In December, US inflation was announced at a monthly rate of 0.3% and an annual rate of 2.7%. These figures presented a table that aligned with both market expectations and the previous month's levels, indicating no significant change in inflation dynamics.
Following the government shutdown in November, December figures served as an indicator of the expected normalization test in the markets. According to the publicly disclosed data, methodological effects from previous months did not create a strong upward revision.
The monthly increase remaining at 0.3% indicates limited price pressures in energy and service categories. The controlled trend of the increase in housing costs and the weak appearance of goods inflation were the main factors that prevented headline inflation from surprising above expectations.
While annual inflation remained stable at 2.7%, this situation indicates that inflation continues to exceed the Federal Reserve's 2% target, but it is not entering a re-accelerating phase. This aligns with the view that the Fed's disinflation process is progressing slowly but steadily.
The failure of annual inflation expectations in the swap market to approach 3% has largely reduced fears that “data distortions could create a sharp upward correction.” From this perspective, the alignment of the data with market expectations has created a reassuring situation for investors.
In light of these data, expectations are strengthening that the Fed will decide to keep interest rates steady at its January meeting.
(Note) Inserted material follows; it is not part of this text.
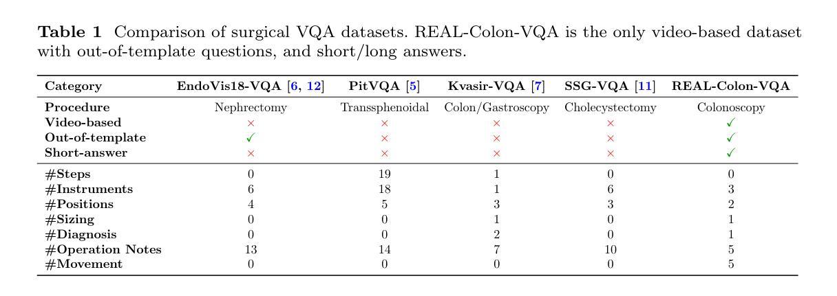 - SurgViVQA具有良好的泛化能力和对问题表述变化的稳健性。
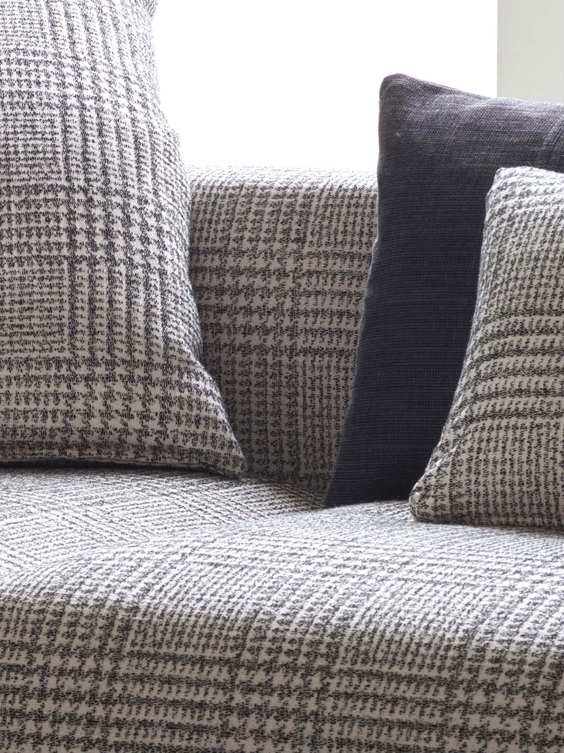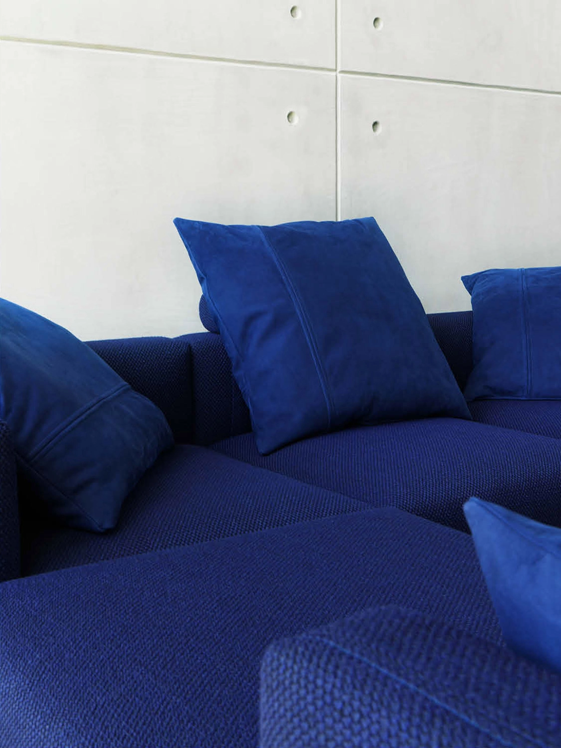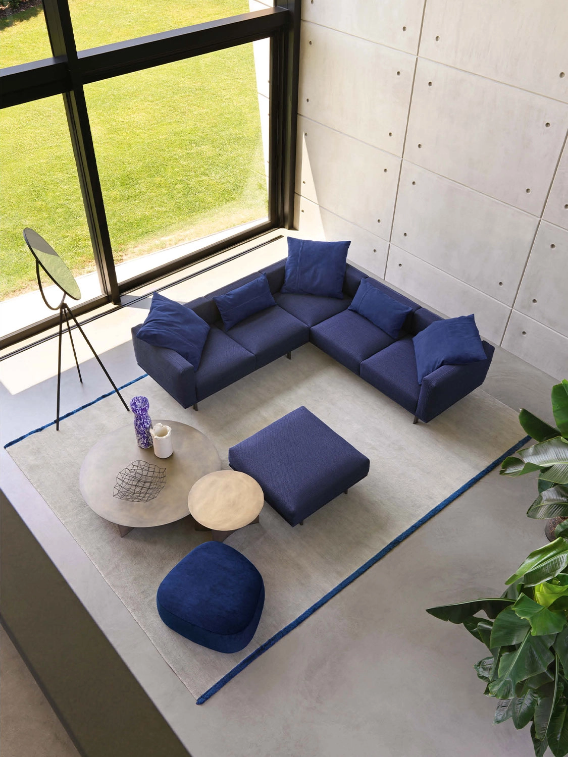 A sofa with a sober line and a simple modularity, versatile and ideal for the workplace, public spaces, unconventional and dynamic living spaces. The two- or three-seater elements with one or two armrests and the two large square poufs are interchangeable: seatings and poufs separate, they are assembled and re-assembled to create arrangements that are always new and design the spaces to suit every necessity.

Since no new inflation pressure signals have emerged, there seems to be no rush for a rate cut.
In the bond market, the “neither hot nor cold” nature of the data comes to the forefront. A sharp rise in 10-year US Treasury yields is not expected, and it is observed that yields are inclined to remain within the existing range.
In terms of stock markets, the alignment of inflation with expectations did not negatively affect risk appetite. After the recent volatility following employment data, it allowed for a more balanced pricing environment for the markets. US index futures recorded gains after the data was released.